QuantflowMetadata → DBTConfigAdapter → 6 Sub-Generators → dbt Project
GeneratorOutputPurpose
MacrosGeneratormacros/cdm_adapter.sqlEngine-specific SQL macros with dispatch wrappers
ProjectGeneratordbt_project.ymlMaterialization strategies (staging=ephemeral, cdm=incremental)
SourcesGeneratormodels/sources.ymlRaw data sources with column types and tests
ProcessingGeneratormodels/staging/*.sqlPer-vendor staging models with field mapping SQL
UnionGeneratormodels/cdm/*.sqlCDM union models merging data across all venues
ProfilesGeneratorprofiles.ymlConnection profiles per engine

Generation Pipeline

  1. Metadata ingestionQuantflowMetadata converted to normalized config by DBTConfigAdapter
  2. Engine resolution → Target engine (bigquery, snowflake, duckdb, trino) resolved from config
  3. Template rendering → Each generator renders Jinja2 templates with the normalized config
  4. SQL translation → QFSQL expressions translated to engine-native SQL by QFSQLTranslator
  5. Project output → Complete dbt project written to disk, ready for dbt run

QFSQL Translation

Field mappings use QFSQL (QuantFlow SQL), an engine-agnostic expression language.
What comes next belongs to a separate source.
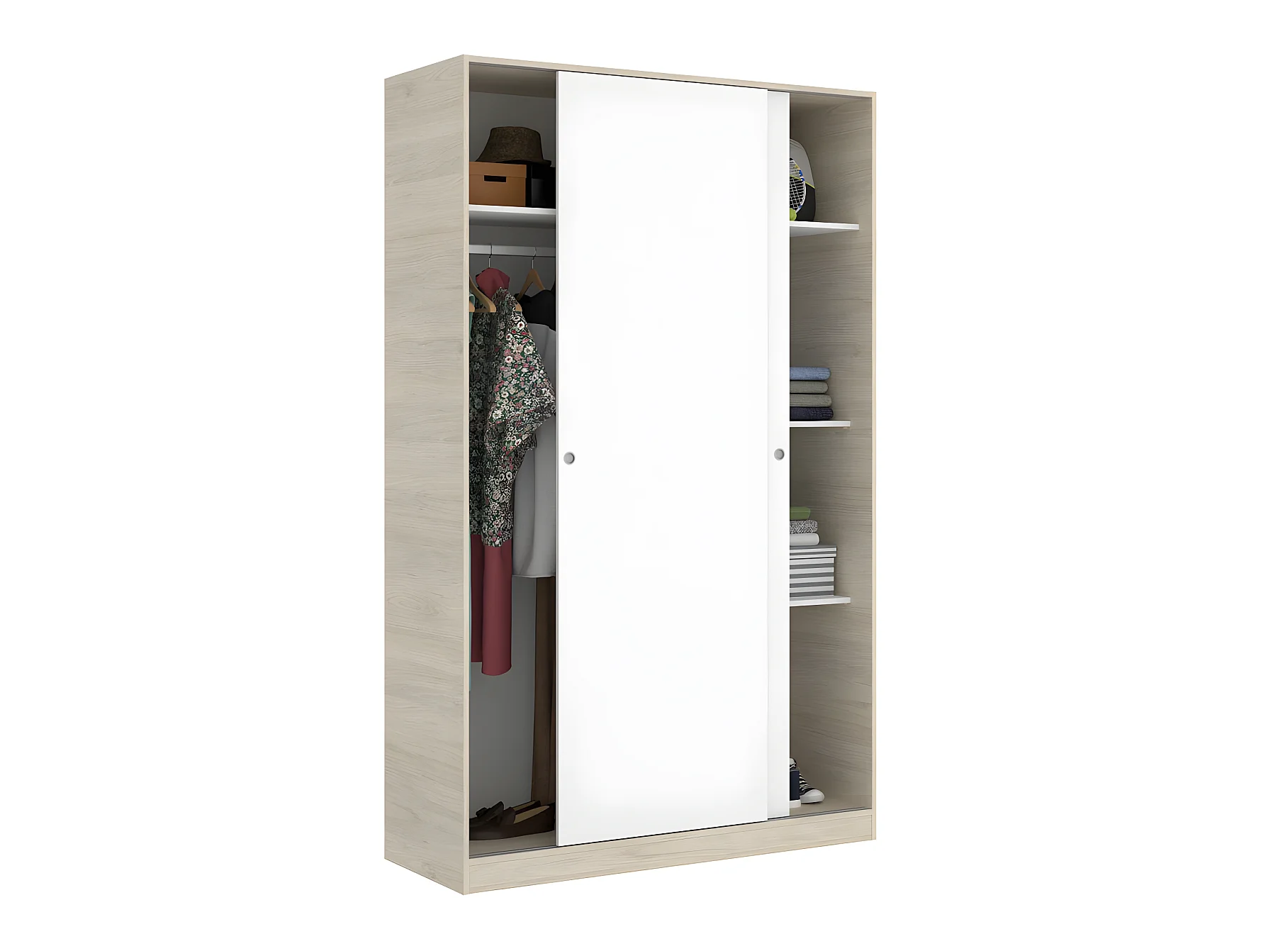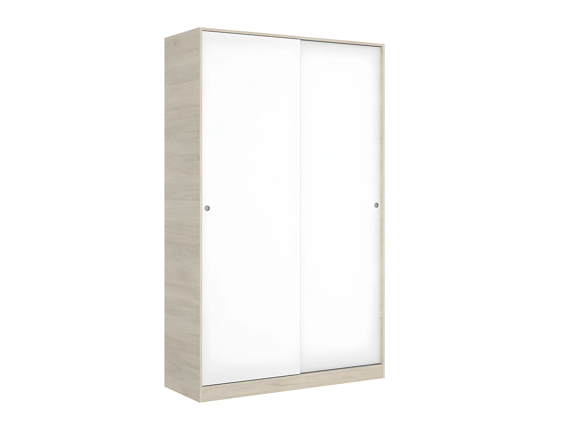 Armoire à portes coulissantes coloris naturel/blanc brillant - Longueur 120 x Profondeur 50 x Hauteur 204 cm

Each engine adapter defines 60+ translation rules:

# QFSQL:
transformation: "str_concat('binance_', cast_safe(trade_id, string))"

# BigQuery: CONCAT('binance_', SAFE_CAST(trade_id AS STRING))
# Snowflake: CONCAT('binance_', TRY_CAST(trade_id AS STRING))
# DuckDB: CONCAT('binance_', TRY_CAST(trade_id AS STRING))
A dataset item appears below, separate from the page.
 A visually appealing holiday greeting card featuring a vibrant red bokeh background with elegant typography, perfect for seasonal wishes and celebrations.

QFSQL rule categories (60 functions):

  • Cast/Convert (7): cast_safe, cast, try_cast, to_string, to_integer, to_decimal, to_boolean
  • Date/Time (11): timestamp_ms, timestamp_us, timestamp_ns, timestamp_seconds, date_add, date_diff, date_trunc, extract, format_timestamp, current_timestamp, current_date
  • String (15): str_concat, str_length, str_lower, str_upper, str_trim, str_replace, str_substring, str_contains, str_starts_with, str_ends_with, regexp_extract, regexp_replace, regexp_contains, str_split, str_join
  • Numeric/Aggregate (16): coalesce, null_if, if_null, round, floor, ceiling, abs, greatest, least, sum, avg, count, count_distinct, min, max, str_agg
  • Conditional (2): if, case_when
  • Array/JSON (6): array, array_length, array_contains, struct, json_extract, json_serialize
  • Hash (3): md5, sha256, uuid

For the complete syntax, see the QFSQL Reference.
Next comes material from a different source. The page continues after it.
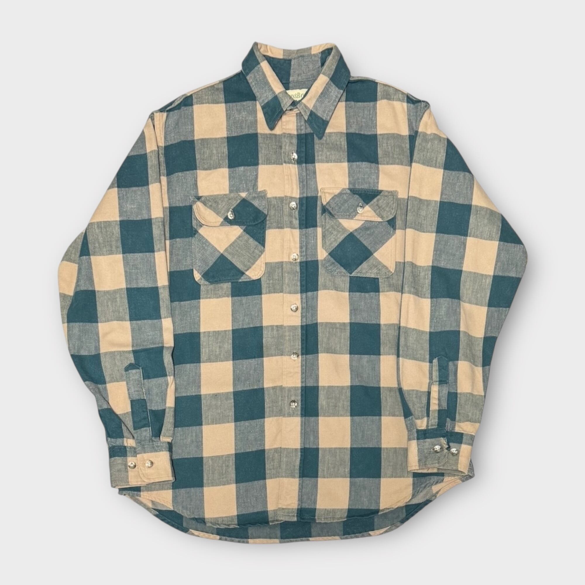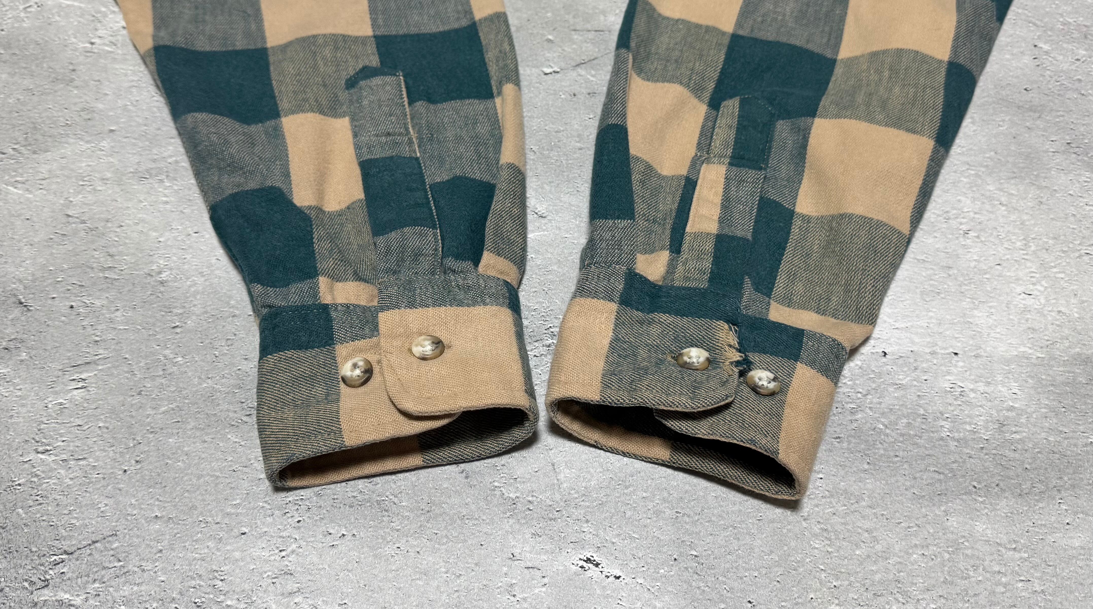 90年代ST JOHN'S BAYの中厚手のネルシャツになります。色味はピンクベージュに、ダークグリーン系のあまり見ない色味になります。

Field Mappings from Feed Providers

Field mappings are defined in feed provider YAML and consumed by the dbt generator to produce staging models. Each mapping specifies a target CDM column, an optional source field, and a QFSQL transformation:

field_mappings:
- target: trade_id
source: trade_id
transformation: "str_concat('binance_', cast_safe(trade_id, string))"
- target: price
source: price
transformation: "cast_safe(price, numeric)"
- target: event_time
source: trade_time
transformation: "timestamp_ms(cast_safe(trade_time, bigint))"
is_time_filter_field: true
- target: venue
transformation: "'binance'" # constant injection — no source field
- target: processed_time
transformation: "current_timestamp()" # computed column — no source field

At least one mapping must set is_time_filter_field: true for incremental loading. Mappings without a source field inject constants or computed values. See Ingestion & Feed Providers for the full feed provider configuration.


Engine Adapter System

A plugin-based architecture. Each engine adapter (BigQueryAdapter, SnowflakeAdapter, DuckDBAdapter, TrinoAdapter) defines:

CapabilityBigQuerySnowflakeDuckDB/Trino
incremental_strategyinsert_overwritemergedelete+insert
Partition supportYes (hour)DDL-basedNo
Cluster supportYesDDL-basedNo
source_database()Project IDDatabaseNone
source_schema()DatasetSchemaSchema

All adapters register via @register_adapter and provide macro_definitions() using the {engine}__{macro_name} dbt dispatch convention.


Jinja2 Templates

TemplateRenders
project.yml.j2dbt_project.yml with model materializations, vars, paths
sources.yml.j2Source definitions with column types, tags, meta
vendor_dataprocessing.sql.j2WITH source AS ({{ source(...) }}) SELECT ... with QFSQL field mappings
union_model.sql.j2UNION ALL across vendors, composite cdm_id, incremental filter
profiles.yml.j2Engine-specific connection blocks

Templates use dbt pass-through globals (source(), ref(), config(), is_incremental()) and dispatch macros (to_timestamp(), concat(), cdm_staging_config()) — all rendered as literal {{ ... }} Jinja2 strings that dbt resolves at runtime.